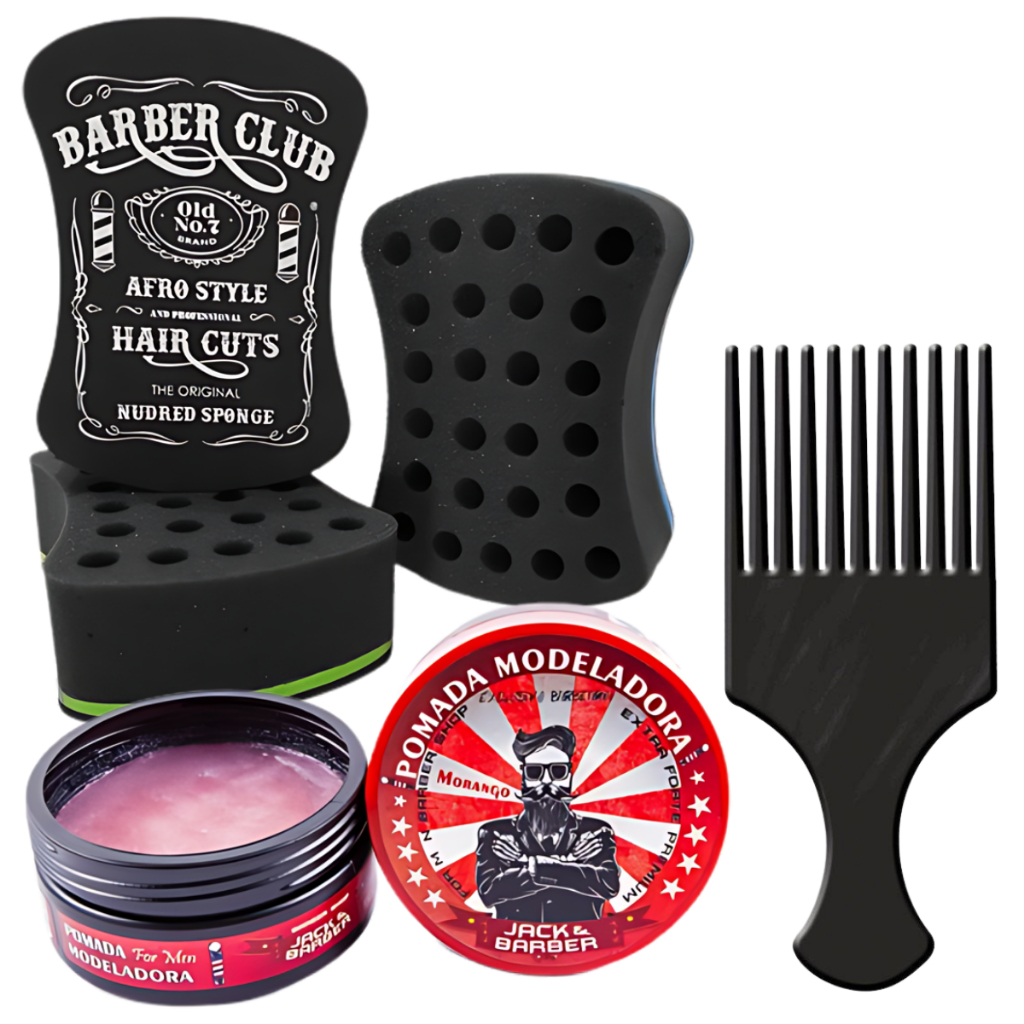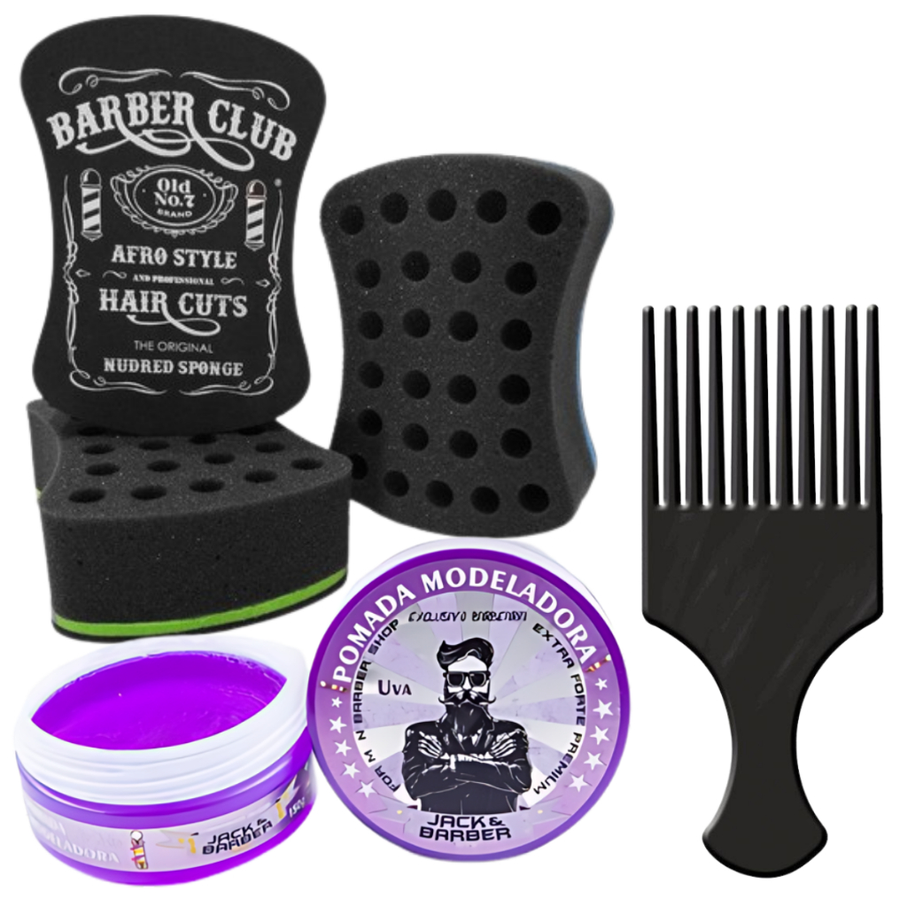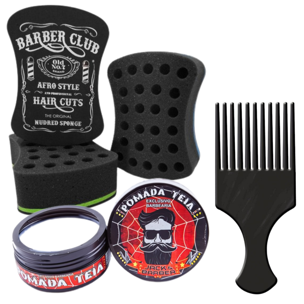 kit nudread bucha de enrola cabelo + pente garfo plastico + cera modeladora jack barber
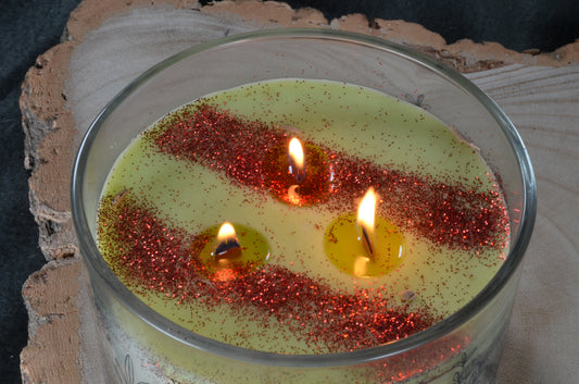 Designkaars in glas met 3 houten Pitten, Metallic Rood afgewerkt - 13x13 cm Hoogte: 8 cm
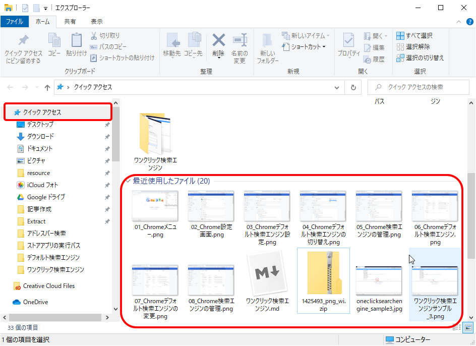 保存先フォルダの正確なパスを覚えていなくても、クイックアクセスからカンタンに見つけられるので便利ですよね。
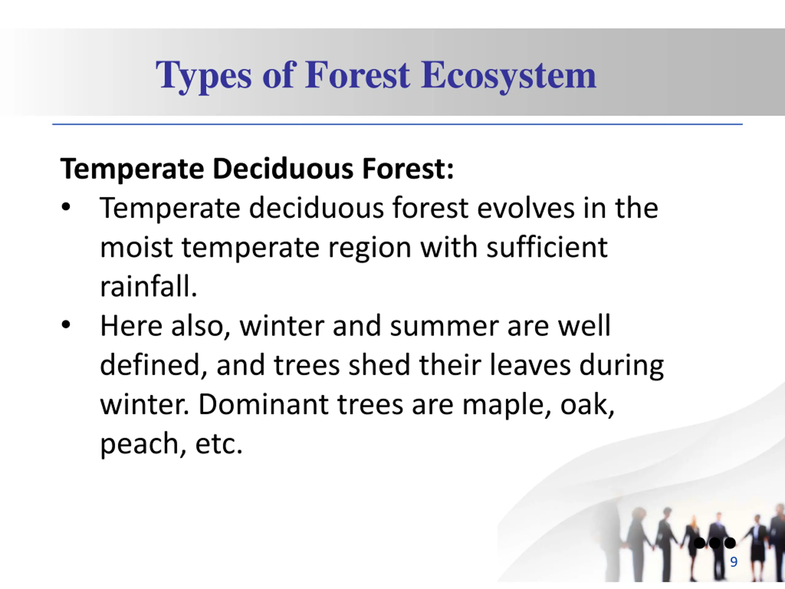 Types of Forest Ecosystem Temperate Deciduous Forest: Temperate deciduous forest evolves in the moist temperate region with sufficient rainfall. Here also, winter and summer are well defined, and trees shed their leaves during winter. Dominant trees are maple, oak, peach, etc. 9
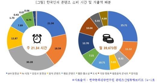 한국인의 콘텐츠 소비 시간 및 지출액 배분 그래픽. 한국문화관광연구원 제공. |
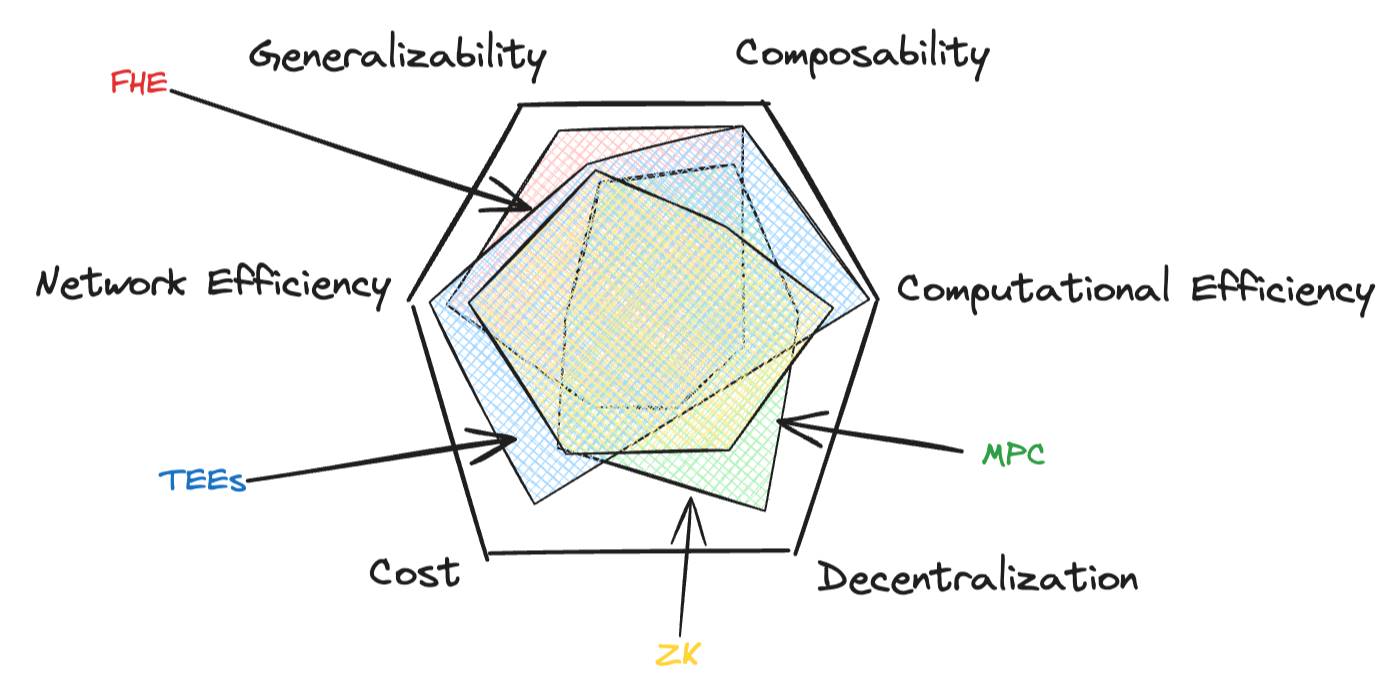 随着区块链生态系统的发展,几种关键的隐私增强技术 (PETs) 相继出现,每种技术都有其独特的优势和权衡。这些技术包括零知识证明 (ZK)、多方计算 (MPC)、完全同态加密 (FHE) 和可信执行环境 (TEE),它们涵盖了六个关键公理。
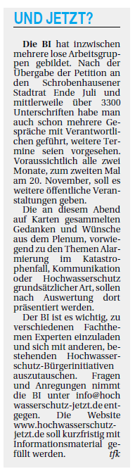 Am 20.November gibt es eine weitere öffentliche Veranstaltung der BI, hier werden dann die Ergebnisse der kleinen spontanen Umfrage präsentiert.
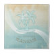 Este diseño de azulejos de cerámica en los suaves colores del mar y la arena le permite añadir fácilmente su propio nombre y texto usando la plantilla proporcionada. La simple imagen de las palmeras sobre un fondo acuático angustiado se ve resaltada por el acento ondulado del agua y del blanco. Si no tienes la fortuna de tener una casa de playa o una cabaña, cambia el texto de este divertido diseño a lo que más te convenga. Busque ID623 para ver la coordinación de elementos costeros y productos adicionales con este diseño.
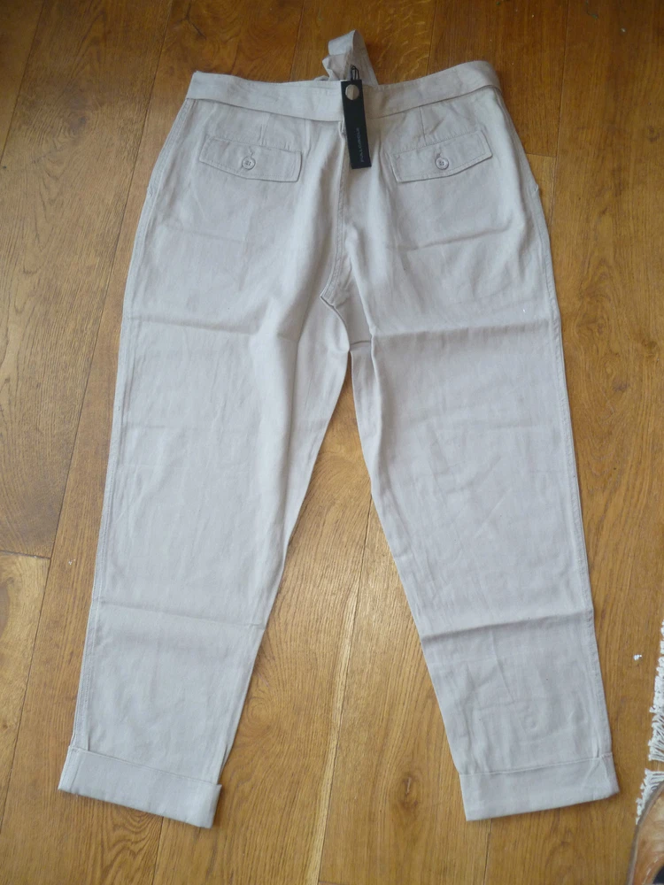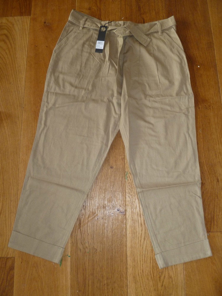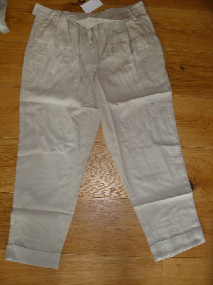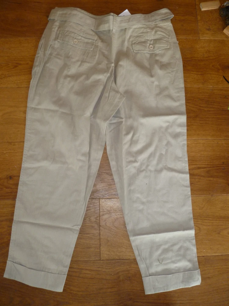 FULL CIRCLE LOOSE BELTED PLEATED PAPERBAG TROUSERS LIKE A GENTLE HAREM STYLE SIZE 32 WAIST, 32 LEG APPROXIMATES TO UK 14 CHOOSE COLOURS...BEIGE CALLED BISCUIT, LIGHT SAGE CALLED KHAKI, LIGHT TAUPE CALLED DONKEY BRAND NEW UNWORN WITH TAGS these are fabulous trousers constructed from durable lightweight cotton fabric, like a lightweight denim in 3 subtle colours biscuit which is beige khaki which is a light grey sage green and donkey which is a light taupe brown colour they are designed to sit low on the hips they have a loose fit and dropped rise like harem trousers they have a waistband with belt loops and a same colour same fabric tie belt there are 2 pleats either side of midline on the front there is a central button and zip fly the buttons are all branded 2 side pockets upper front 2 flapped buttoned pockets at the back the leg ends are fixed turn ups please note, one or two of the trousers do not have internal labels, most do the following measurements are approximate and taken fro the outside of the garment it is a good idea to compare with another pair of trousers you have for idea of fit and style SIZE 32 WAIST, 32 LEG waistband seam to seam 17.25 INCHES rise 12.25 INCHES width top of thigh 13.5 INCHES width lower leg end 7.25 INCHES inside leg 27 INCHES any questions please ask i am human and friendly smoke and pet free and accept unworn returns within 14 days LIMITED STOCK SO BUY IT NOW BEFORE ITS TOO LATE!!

_Work required_: In the listing above, find the line containing "随着区块链生态系统的发展,几种关键的隐私增强技术 (PETs) 相继出现,每种技术都有其独特的优势和权衡。这些技术包括零知识证明" and the line containing "Este diseño de". Print those two lines and every line between them exactly, with no pictures.

_Task solution_:
 随着区块链生态系统的发展,几种关键的隐私增强技术 (PETs) 相继出现,每种技术都有其独特的优势和权衡。这些技术包括零知识证明 (ZK)、多方计算 (MPC)、完全同态加密 (FHE) 和可信执行环境 (TEE),它们涵盖了六个关键公理。
 Am 20.November gibt es eine weitere öffentliche Veranstaltung der BI, hier werden dann die Ergebnisse der kleinen spontanen Umfrage präsentiert.
 Este diseño de azulejos de cerámica en los suaves colores del mar y la arena le permite añadir fácilmente su propio nombre y texto usando la plantilla proporcionada. La simple imagen de las palmeras sobre un fondo acuático angustiado se ve resaltada por el acento ondulado del agua y del blanco. Si no tienes la fortuna de tener una casa de playa o una cabaña, cambia el texto de este divertido diseño a lo que más te convenga. Busque ID623 para ver la coordinación de elementos costeros y productos adicionales con este diseño.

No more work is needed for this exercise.